From the records below, output exactly the lines starting at the line with "The Indy 4 Spokes dining chair is a" and ending at the line with "HKS BETA 1 (N)", both of them included, but no pictures.

### Data under study ###

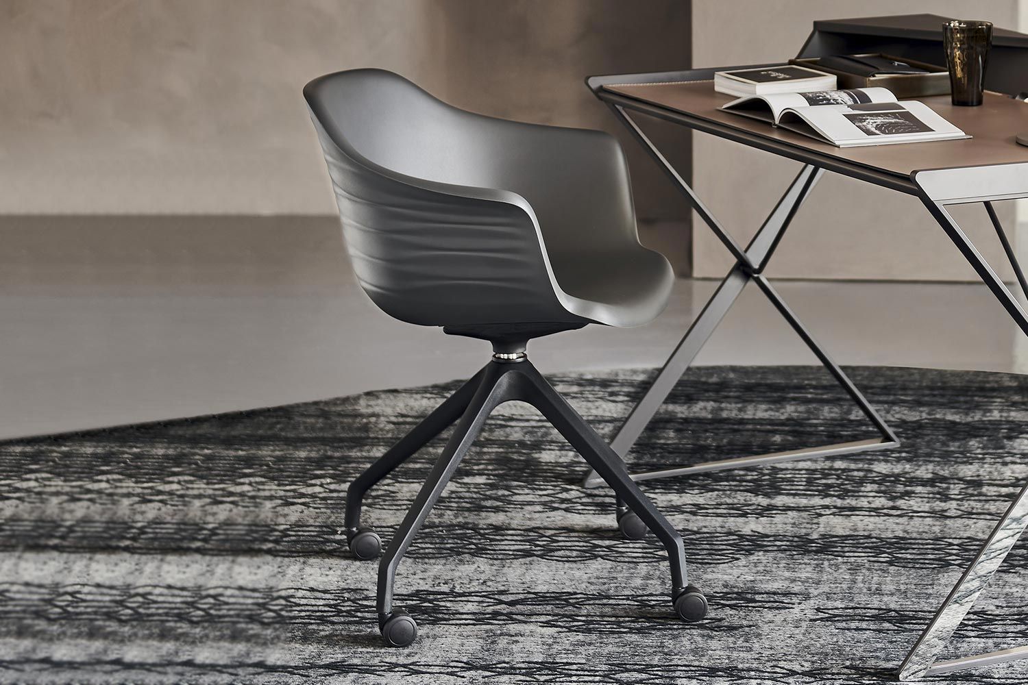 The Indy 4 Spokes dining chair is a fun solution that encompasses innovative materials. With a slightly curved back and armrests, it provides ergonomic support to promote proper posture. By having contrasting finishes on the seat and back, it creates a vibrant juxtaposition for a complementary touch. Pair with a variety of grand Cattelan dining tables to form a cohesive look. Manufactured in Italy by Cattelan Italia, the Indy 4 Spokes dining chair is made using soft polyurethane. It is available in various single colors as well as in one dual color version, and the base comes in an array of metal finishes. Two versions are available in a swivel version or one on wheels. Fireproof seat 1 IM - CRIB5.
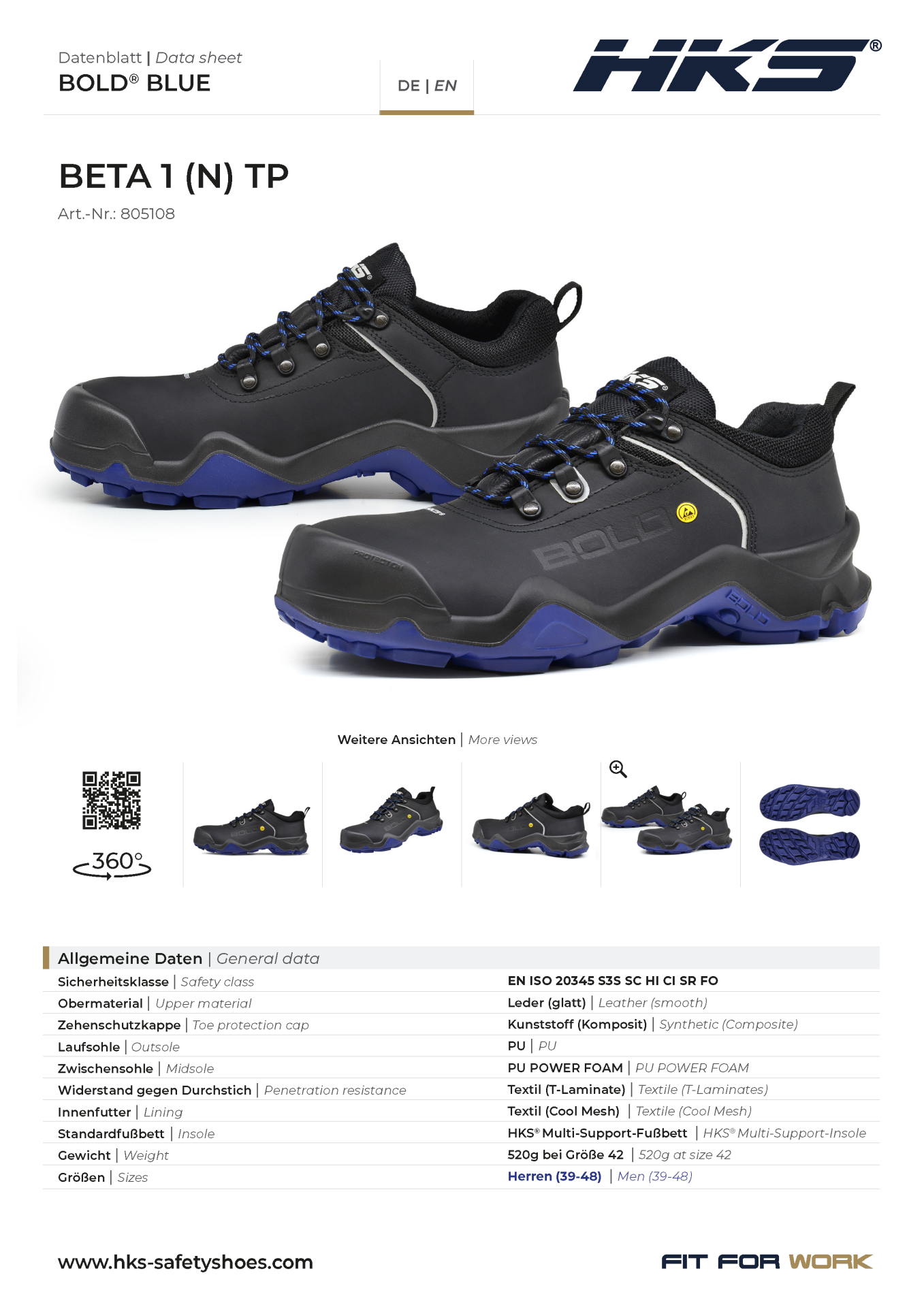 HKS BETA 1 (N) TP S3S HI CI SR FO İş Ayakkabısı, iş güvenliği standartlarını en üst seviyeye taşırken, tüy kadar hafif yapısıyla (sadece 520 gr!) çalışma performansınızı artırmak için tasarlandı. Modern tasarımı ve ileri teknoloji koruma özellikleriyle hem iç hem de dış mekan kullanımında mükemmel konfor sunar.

###
### Data under study ###

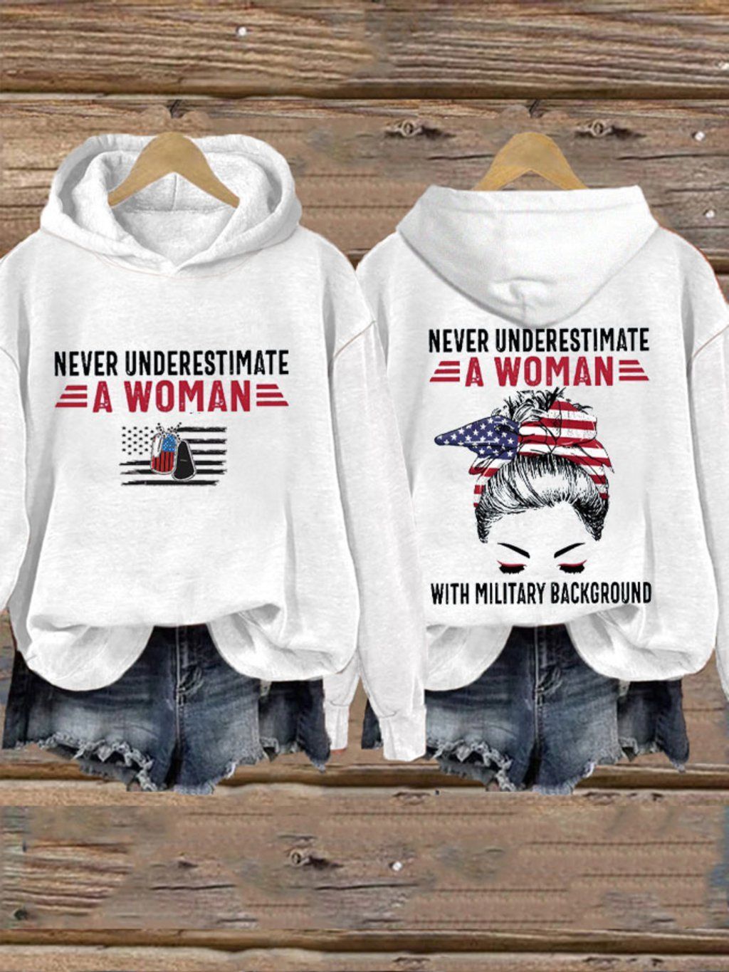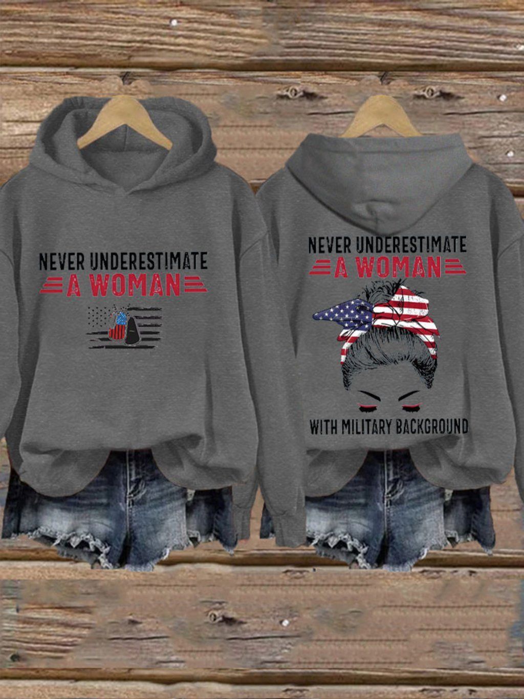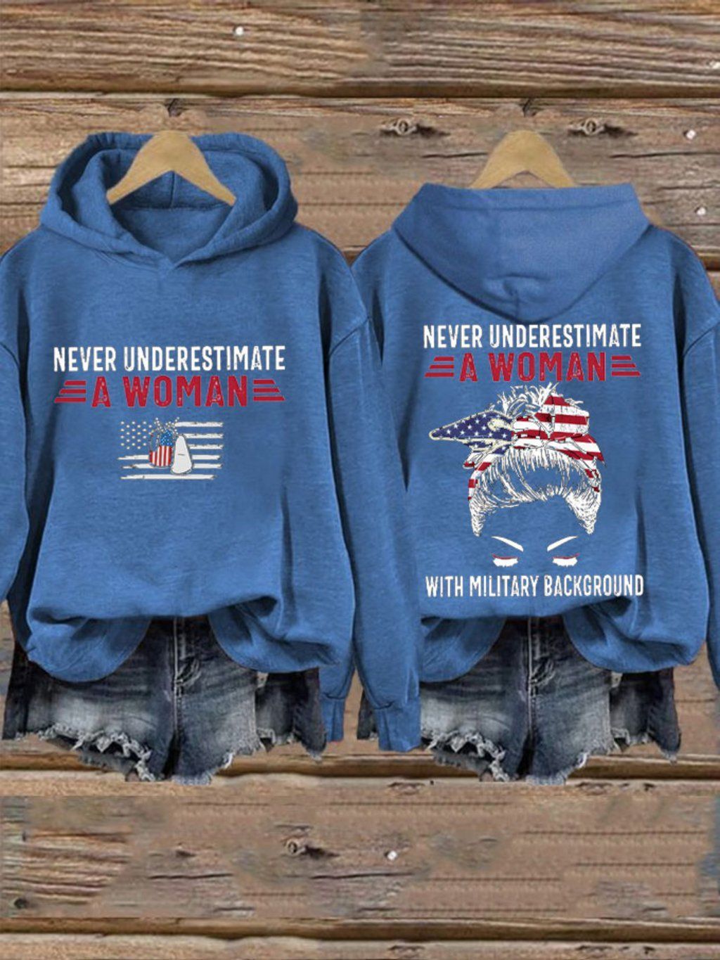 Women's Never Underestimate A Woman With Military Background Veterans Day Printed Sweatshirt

###

• [Written answer]:
 The Indy 4 Spokes dining chair is a fun solution that encompasses innovative materials. With a slightly curved back and armrests, it provides ergonomic support to promote proper posture. By having contrasting finishes on the seat and back, it creates a vibrant juxtaposition for a complementary touch. Pair with a variety of grand Cattelan dining tables to form a cohesive look. Manufactured in Italy by Cattelan Italia, the Indy 4 Spokes dining chair is made using soft polyurethane. It is available in various single colors as well as in one dual color version, and the base comes in an array of metal finishes. Two versions are available in a swivel version or one on wheels. Fireproof seat 1 IM - CRIB5.
 HKS BETA 1 (N) TP S3S HI CI SR FO İş Ayakkabısı, iş güvenliği standartlarını en üst seviyeye taşırken, tüy kadar hafif yapısıyla (sadece 520 gr!) çalışma performansınızı artırmak için tasarlandı. Modern tasarımı ve ileri teknoloji koruma özellikleriyle hem iç hem de dış mekan kullanımında mükemmel konfor sunar.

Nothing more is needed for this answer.